Exercise goal: Among the entries below, copy only the span from the line containing "This bingo card" through the line containing "The BBC projects". Do so exactly, and skip the pictures.

Recorded information:
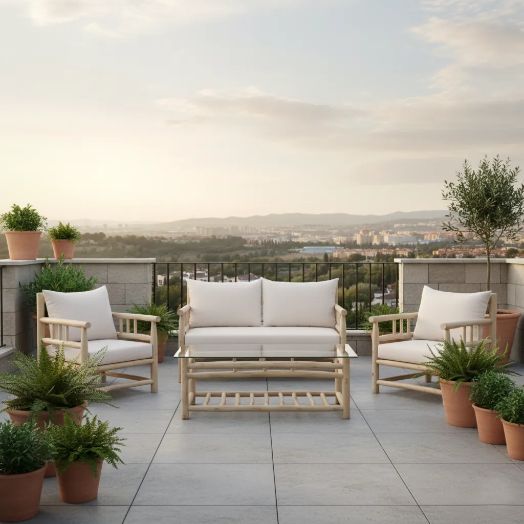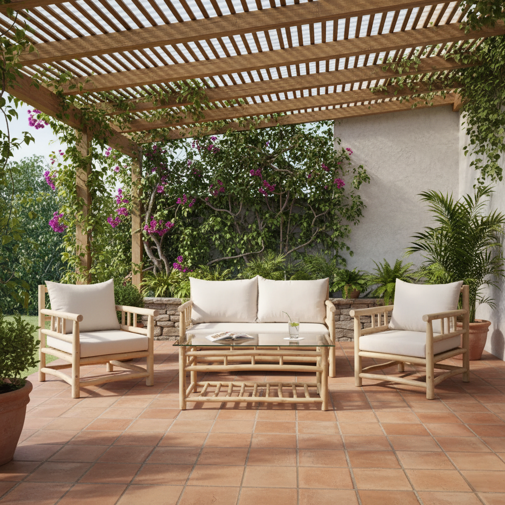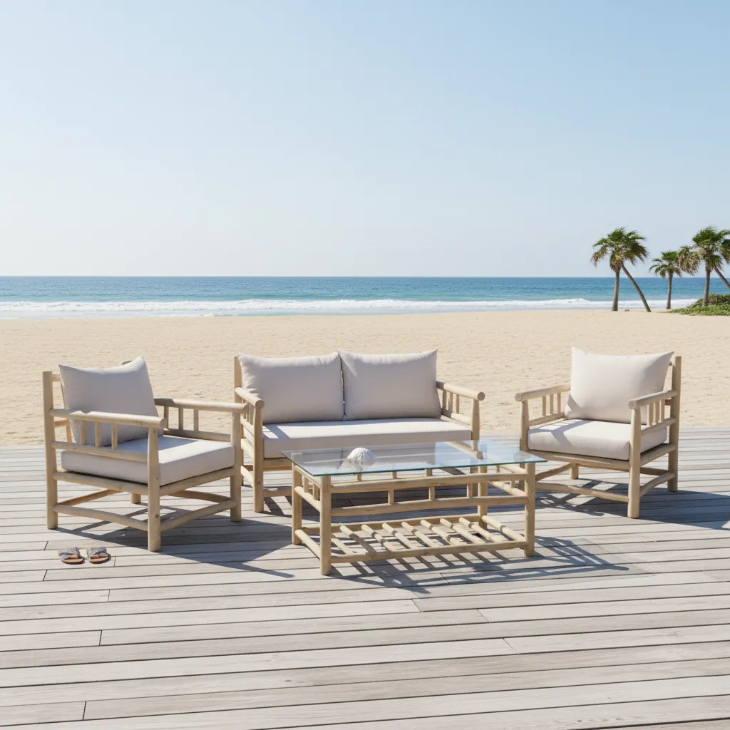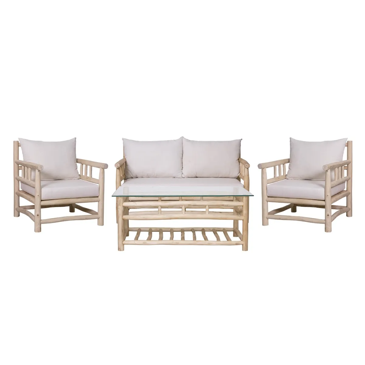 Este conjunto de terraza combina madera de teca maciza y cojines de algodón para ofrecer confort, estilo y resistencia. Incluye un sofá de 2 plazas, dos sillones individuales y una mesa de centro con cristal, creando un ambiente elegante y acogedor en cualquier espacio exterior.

--

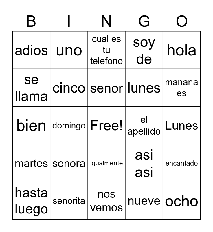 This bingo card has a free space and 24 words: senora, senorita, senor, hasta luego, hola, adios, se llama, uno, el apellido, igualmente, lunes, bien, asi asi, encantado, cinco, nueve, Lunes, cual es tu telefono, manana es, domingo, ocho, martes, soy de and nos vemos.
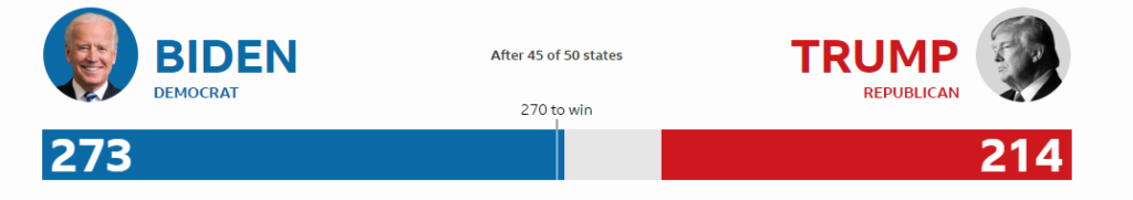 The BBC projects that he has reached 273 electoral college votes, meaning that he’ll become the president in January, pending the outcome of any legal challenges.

Answer section:
 This bingo card has a free space and 24 words: senora, senorita, senor, hasta luego, hola, adios, se llama, uno, el apellido, igualmente, lunes, bien, asi asi, encantado, cinco, nueve, Lunes, cual es tu telefono, manana es, domingo, ocho, martes, soy de and nos vemos.
 The BBC projects that he has reached 273 electoral college votes, meaning that he’ll become the president in January, pending the outcome of any legal challenges.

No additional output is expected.